====== SUPPLIED DATA ======

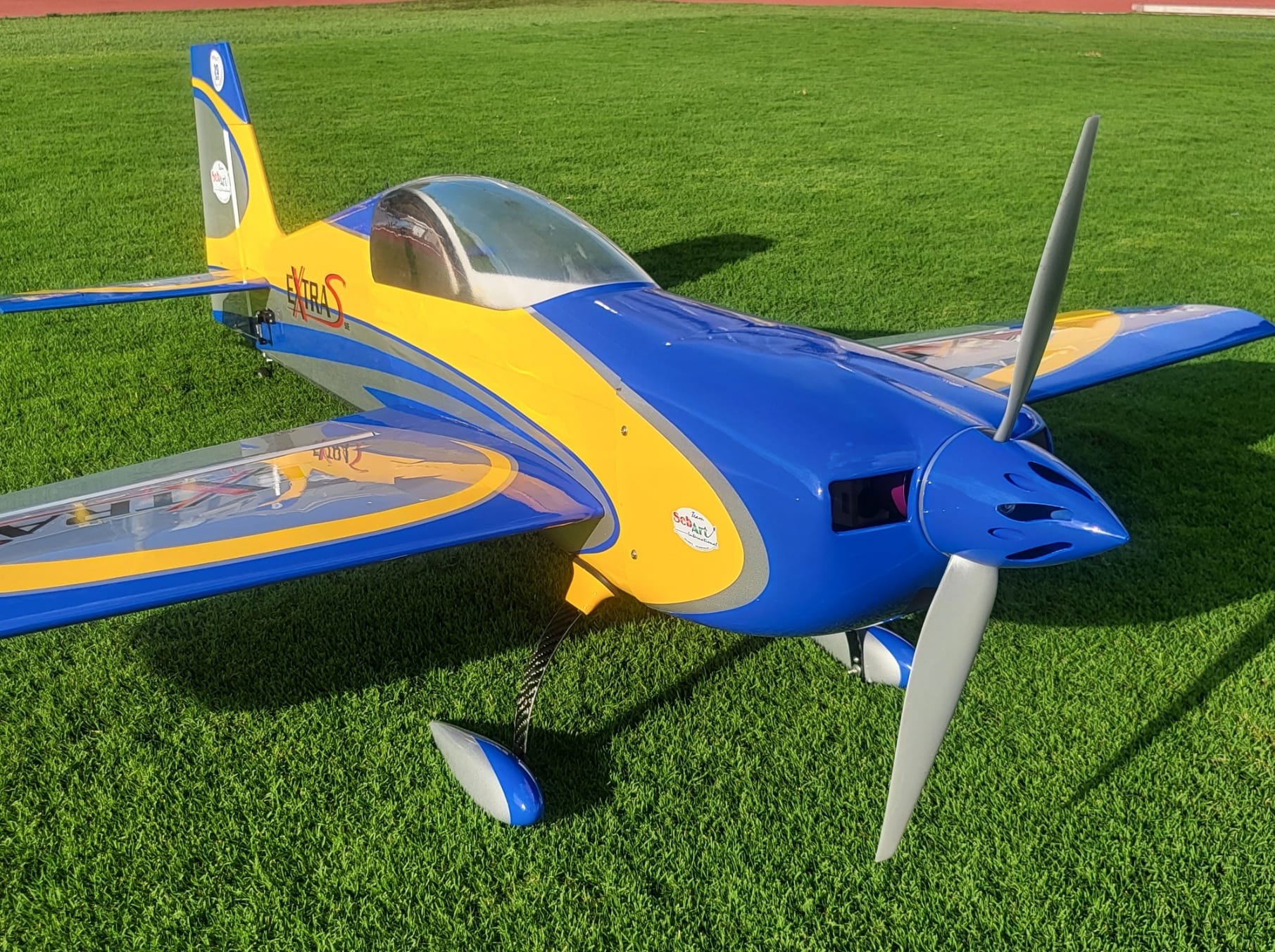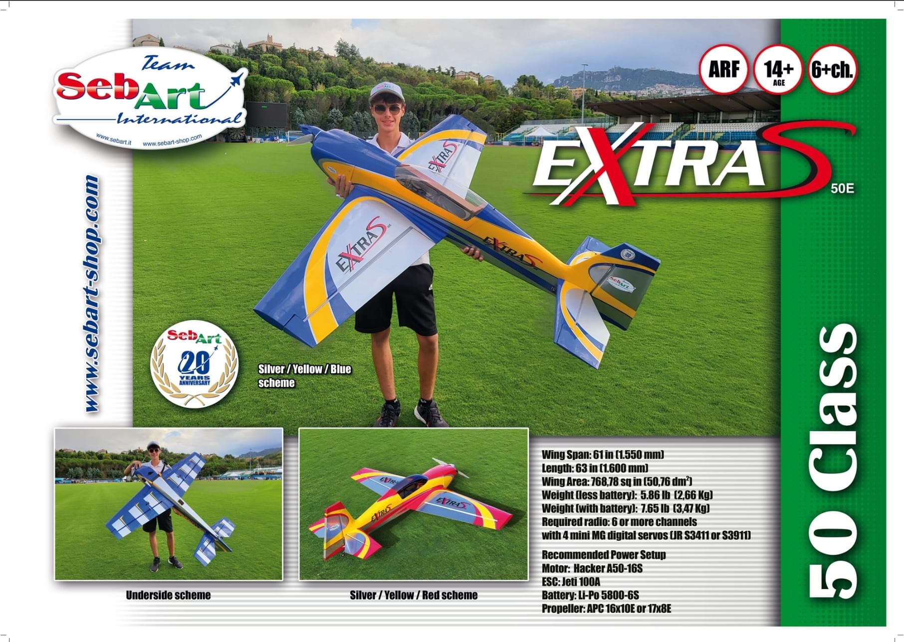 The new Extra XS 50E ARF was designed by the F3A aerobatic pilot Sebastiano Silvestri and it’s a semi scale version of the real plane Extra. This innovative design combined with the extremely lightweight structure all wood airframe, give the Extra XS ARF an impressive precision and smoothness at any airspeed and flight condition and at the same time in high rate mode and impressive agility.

======
====== SUPPLIED DATA ======

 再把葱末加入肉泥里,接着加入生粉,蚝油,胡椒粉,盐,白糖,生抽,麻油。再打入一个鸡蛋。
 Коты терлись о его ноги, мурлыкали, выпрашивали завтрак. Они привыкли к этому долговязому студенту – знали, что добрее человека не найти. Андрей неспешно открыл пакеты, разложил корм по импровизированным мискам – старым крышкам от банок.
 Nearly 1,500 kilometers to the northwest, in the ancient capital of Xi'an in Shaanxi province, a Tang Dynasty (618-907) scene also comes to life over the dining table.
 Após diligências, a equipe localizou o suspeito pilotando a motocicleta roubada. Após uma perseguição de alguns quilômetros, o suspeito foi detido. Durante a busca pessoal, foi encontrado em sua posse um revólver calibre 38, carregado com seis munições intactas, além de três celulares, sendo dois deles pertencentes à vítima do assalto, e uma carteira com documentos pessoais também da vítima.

======

**YOUR TASK**: The required answer is the run of lines above, starting at the line with "再把葱末加入肉泥里,接着加入" and ending at the line with "Após diligências, a", reproduced exactly with both ends.

**ANSWER SPACE**:
 再把葱末加入肉泥里,接着加入生粉,蚝油,胡椒粉,盐,白糖,生抽,麻油。再打入一个鸡蛋。
 Коты терлись о его ноги, мурлыкали, выпрашивали завтрак. Они привыкли к этому долговязому студенту – знали, что добрее человека не найти. Андрей неспешно открыл пакеты, разложил корм по импровизированным мискам – старым крышкам от банок.
 Nearly 1,500 kilometers to the northwest, in the ancient capital of Xi'an in Shaanxi province, a Tang Dynasty (618-907) scene also comes to life over the dining table.
 Após diligências, a equipe localizou o suspeito pilotando a motocicleta roubada. Após uma perseguição de alguns quilômetros, o suspeito foi detido. Durante a busca pessoal, foi encontrado em sua posse um revólver calibre 38, carregado com seis munições intactas, além de três celulares, sendo dois deles pertencentes à vítima do assalto, e uma carteira com documentos pessoais também da vítima.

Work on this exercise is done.